The Sony XDP-4000X has amazing specs and features (including programmable 10 band parametric equalization and time correction), but its crossover points aren't as versatile as the FRX-456, e.g., the sub output on the Sony can only be crossed at 78Hz or 99Hz, while the sub crossover point on the FRX-456 can be set in 41 increments between 20Hz and 278Hz. The Sony has similar restrictions on the other crossover points -- mid woofers and mids can each be crossed at 500Hz, 793Hz, or 1.25kHz, and tweeters can be crossed at 4kHz, 5.03kHz, or 6.34kHz, while the FRZ-456 is has 41 incremental crossover points each for mid bass, mid range, and high.

On the other hand, while its crossover points aren't as versatile, the slope of the Sony's crossovers can be set to an astounding 72 db (!), while the PP is limited to the more traditional old school values of 18 db for the sub channel and 12 db for the other channels. And the Sony has that awesome 10 band parametric equalizer, a built-in line driver, and time correction that can be set in .25" increments. The PP is just a crossover, so if I go with the PP I'll likely add either an AudioControl Four.1i or a Kicker KQ5, which are also refugees from previous installs.

Decisions, decisions...

Does anyone have experience with either or (preferably) both of these crossover units? I could use some opinions or real world experiences from someone who has setup and used either or both of these units.

Thanks in advance,

Jeff


----------



## pyropoptrt (Jun 11, 2006)

I believe you can only use the Sony XDP-4000X with the Sony C90 or Sony Cd910 headunits as it uses unilink for the processor's remote turn-on and the ability to select which crossover and eq memory setting you want to use.


----------



## mosk22rte (Dec 28, 2009)

pyropoptrt said:


> I believe you can only use the Sony XDP-4000X with the Sony C90 or Sony Cd910 headunits as it uses unilink for the processor's remote turn-on and the ability to select which crossover and eq memory setting you want to use.

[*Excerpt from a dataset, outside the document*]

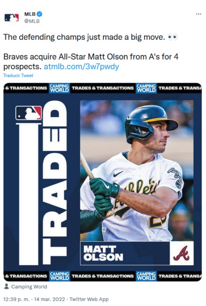 Los Atlanta Braves de las Grandes Ligas (MLB) sumaron este lunes 14 de marzo a su plantilla al primera base Matt Olson, a quien obtuvieron mediante un cambio con los Oakland Athletics.En el acuerdo por Olson, los Braves se desprendieron del jardinero dominicano Cristian Pache, el receptor Shea Langeliers y los lanzadores Ryan Cusick y Joey Estes.La llegada de Olson le brinda a los Braves un jugador de la primera base, que puede suplir el hueco que dejaría en la alineación la posible salida de su ex Jugador Más Valioso (MVP, por sus siglas en inglés), Freddie Freeman, quien es agente libre.En la pasada temporada Olson fue uno de los pilares en la ofensiva de los Athletics, al batear para promedio de .271 con 39 jonrones y 111 empujadas en 156 partidos.Los campeones defensores esperan que Olson, quien el año pasado asistió al All-Star Game, pueda mantener este tipo de producción y los ayude a defender su condición de campeones del beisbol de las Grandes Ligas.OF

Well that would suck  I actually have a C90 that I bought at the same time as the XPD-4000X, but as awesome as it is I don't plan to use it in this system, as I really want the BT, Nav, iPod integration, and video features of the DNX6140 for this vehicle. 

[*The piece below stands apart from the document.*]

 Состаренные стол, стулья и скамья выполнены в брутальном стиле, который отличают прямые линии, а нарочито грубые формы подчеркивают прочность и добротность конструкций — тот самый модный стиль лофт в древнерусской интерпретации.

Did Sony (or anyone) ever made an adapter to let you use the XDP-4000X with a third party HU?


----------



## msmith (Nov 27, 2007)

Use the PPI... the Sony is a giant POS. Especially, if you plan to integrate video... the latency (input to output delay) of the 4000x makes it unusable for video playback.


----------



## mosk22rte (Dec 28, 2009)

Thanks a *ton* -- I would _never_ have thought about latency until I encountered it.

Any thoughts on the FRX-456 as a crossover? Given my above components and system design, any suggestions for comparable crossovers I might also consider?


----------



## msmith (Nov 27, 2007)

mosk22rte said:


> Thanks a *ton* -- I would _never_ have thought about latency until I encountered it.
> 
> Any thoughts on the FRX-456 as a crossover? Given my above components and system design, any suggestions for comparable crossovers I might also consider?

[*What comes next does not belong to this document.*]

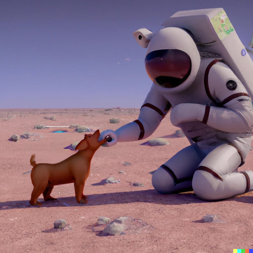 Now, my biggest concern feeding this into AI was receiving back a gruesome image. Honestly…I was REALLY REALLY concerned, because I had already decided to mint whatever the AI output from our prompts. Somehow, some merciful way, the output decided to have a cute little dog nibbling the hand of a person in a spacesuit. This could have gone so badly, but it didn’t, and I love this NFT as our first of the collection.

I'm sure it's a good piece... just make sure the potentiometers are in good shape. I've used other PPI crossovers and they have all been great.

BTW, the latency of the 4000x makes all your video look like a bad Kung-Fu movie. :laugh:


----------



## marko (Jul 10, 2006)

the frx is an awsome sq unit, i regret selling mine. had great results with it and dead easy to set up and tune!

the let down with the sony unit is the x-over points, why the hell did sony do this??


----------



## rommelrommel (Apr 11, 2007)

It was designed around the drivers they sold at the time, same as the xes setup.


----------



## gutz (Aug 8, 2008)

I had the frx for a while ( before i went the car-pc route ) and enjoyed it!
Great crossover if you need the flexibility

I have no exprience with the sony but the ppi is a very solid and versatile unit 

BTW the sub slope is 24db not 18db


----------



## mosk22rte (Dec 28, 2009)

gutz said:


> I had the frx for a while ( before i went the car-pc route ) and enjoyed it!
> Great crossover if you need the flexibility
> 
> I have no exprience with the sony but the ppi is a very solid and versatile unit
> ...



Cool -- thanks. (I thought I recalled reading in the manual that the slope was 18db, but I'll obviously take 24


----------